* Exercise brief
From the first line to the last, copy the material exactly and leave the pictures out.

* Given data
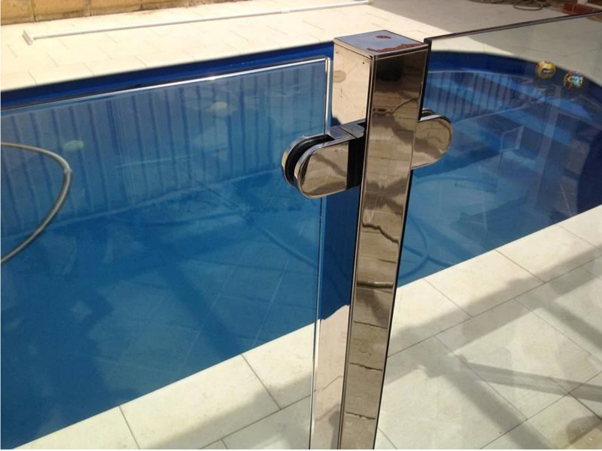
تحميل الجانب درايزين مربعا وظيفة الزجاج حديدي للداخل
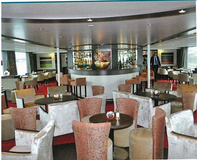
„räumig präsentiert sich die Bar auf dem Mozart-Deck
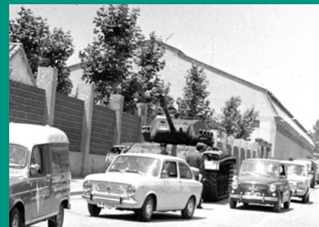
Una imatge de Sant Boi del 23 de gener de 1981
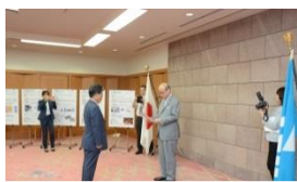
いしかわ次世代産業創造ファンド交付式

世界最大規模の産業技術の展示会「ハノーファー・メッセ」へのCFKパレーとの共同出展(H28.4月) 炭素繊維複合材料建築等用途拡大研究会の開催(5回)
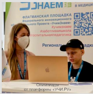
Олимпиады от платформы «УЧИ.РУ»
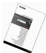
Guia de instalação rápida
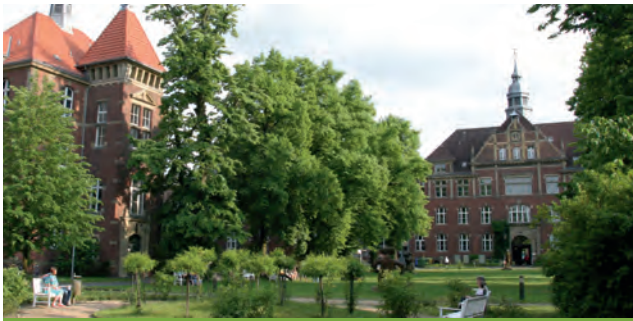
DRK Kliniken Berlin I Westend

Spandauer Damm 130 14050 Berlin-Charlottenburg-Wilmersdorf
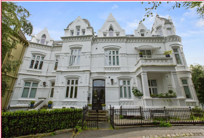
Praktisk og sentral hybel til leie! Flott fasade
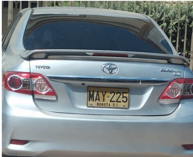
Javier Medina de Armas, conocido como 'Mandinga', lucha por su vida luego de ser víctima de un ataque a bala.

Estos desenfundaron un arma de fuego y dispararon contra el automóvil, logrando alcanzarlo con
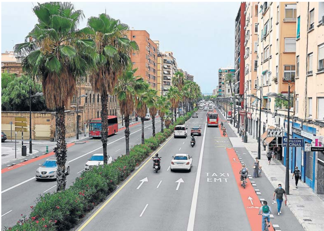
Figuración virtual de la avenida tras la intervención de urbanismo táctico.
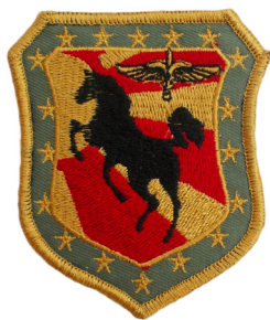
сл./ fig. 32
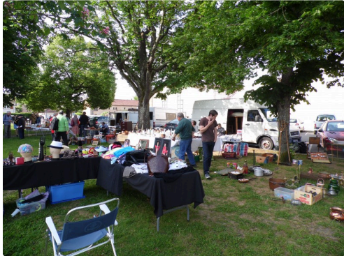
Le vide-grenier du dimanche au parc de l'église des 18 / 19 et 20 mai 2018
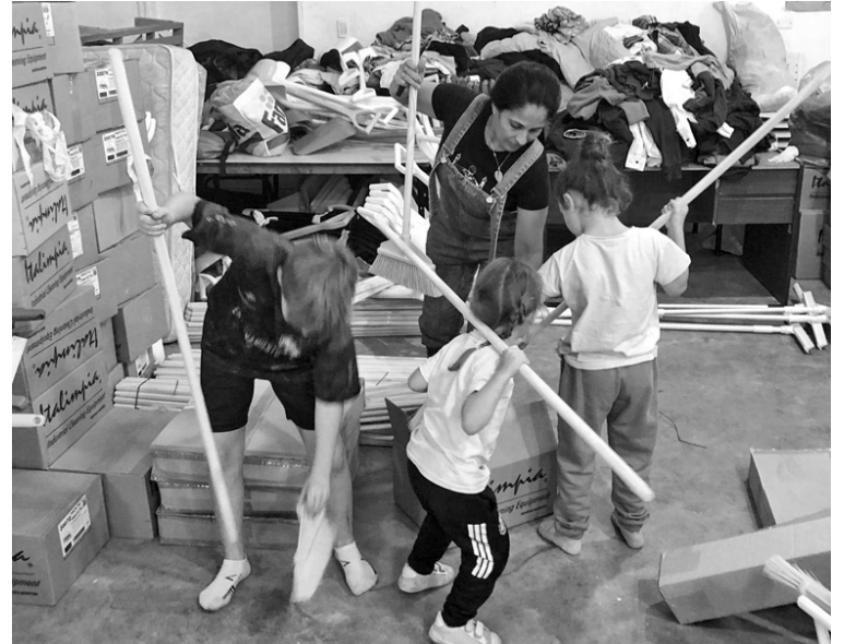
Los espacios elegidos para la asistencia fueron: General Daniel Cerri e Ingeniero White.

Un grupo de 10 voluntarios, conformado por las mujeres de Por una Sonrisa Pergamino y los payasos de "Por teléfono", retornaron el lunes desde Bahía Blanca, luego de un fin de semana cargado de actividad solidaria ya que no solo repartieron las numerosas donaciones que los pergaminenses hicieron, y que fueron transportadas en un camión de la firma Metalsol, sino también desplegaron una labor de contención, acompañamiento y asistencia a las cientos de familias afectadas por la última inundación.
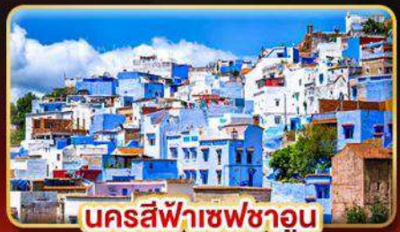
นครสีฟ้าเชฟชาอูน

📅 เดินทาง: 18-27 ต.ค. | 02-11 ธ.ค. 69 27 ธ.ค. 69 - 05 ม.ค. 70
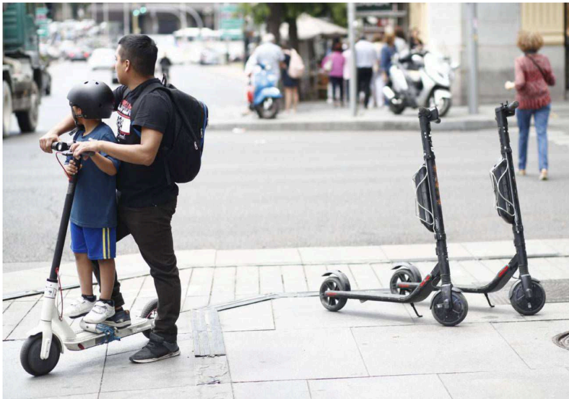
Un niño y un adulto montando en un patinete eléctrico en la calle Goya de Madrid. /

31 de julio es sinónimo de 'Operación salida' para muchos ciudadanos que se van de vacaciones en el mes de agosto. No solo en tren o avión, la carretera siempre es protagonista en un día como hoy.
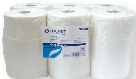
9717 PAPEL HIGIÉNICO VIRGEN INDUSTRIAL 2 CAPAS C/18 Rollo 125 m
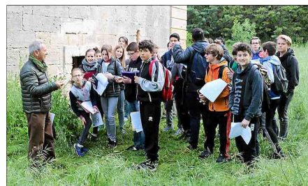
■ Une visite passionnante et enrichissante pour tous.

Il a retracé l'histoire de l'eau à Montpellier qui a commencé avec les puits et les citernes. Mais ces ressources sont devenues insuffisantes. Henri Pitot, membre de l'Académie des sciences de Paris, réalise alors au XVIII e siècle un

* Result of the exercise
تحميل الجانب درايزين مربعا وظيفة الزجاج حديدي للداخل
„räumig präsentiert sich die Bar auf dem Mozart-Deck
Una imatge de Sant Boi del 23 de gener de 1981
いしかわ次世代産業創造ファンド交付式

世界最大規模の産業技術の展示会「ハノーファー・メッセ」へのCFKパレーとの共同出展(H28.4月) 炭素繊維複合材料建築等用途拡大研究会の開催(5回)
Олимпиады от платформы «УЧИ.РУ»
Guia de instalação rápida
DRK Kliniken Berlin I Westend

Spandauer Damm 130 14050 Berlin-Charlottenburg-Wilmersdorf
Praktisk og sentral hybel til leie! Flott fasade
Javier Medina de Armas, conocido como 'Mandinga', lucha por su vida luego de ser víctima de un ataque a bala.

Estos desenfundaron un arma de fuego y dispararon contra el automóvil, logrando alcanzarlo con
Figuración virtual de la avenida tras la intervención de urbanismo táctico.
сл./ fig. 32
Le vide-grenier du dimanche au parc de l'église des 18 / 19 et 20 mai 2018
Los espacios elegidos para la asistencia fueron: General Daniel Cerri e Ingeniero White.

Un grupo de 10 voluntarios, conformado por las mujeres de Por una Sonrisa Pergamino y los payasos de "Por teléfono", retornaron el lunes desde Bahía Blanca, luego de un fin de semana cargado de actividad solidaria ya que no solo repartieron las numerosas donaciones que los pergaminenses hicieron, y que fueron transportadas en un camión de la firma Metalsol, sino también desplegaron una labor de contención, acompañamiento y asistencia a las cientos de familias afectadas por la última inundación.
นครสีฟ้าเชฟชาอูน

📅 เดินทาง: 18-27 ต.ค. | 02-11 ธ.ค. 69 27 ธ.ค. 69 - 05 ม.ค. 70
Un niño y un adulto montando en un patinete eléctrico en la calle Goya de Madrid. /

31 de julio es sinónimo de 'Operación salida' para muchos ciudadanos que se van de vacaciones en el mes de agosto. No solo en tren o avión, la carretera siempre es protagonista en un día como hoy.
9717 PAPEL HIGIÉNICO VIRGEN INDUSTRIAL 2 CAPAS C/18 Rollo 125 m
■ Une visite passionnante et enrichissante pour tous.

Il a retracé l'histoire de l'eau à Montpellier qui a commencé avec les puits et les citernes. Mais ces ressources sont devenues insuffisantes. Henri Pitot, membre de l'Académie des sciences de Paris, réalise alors au XVIII e siècle un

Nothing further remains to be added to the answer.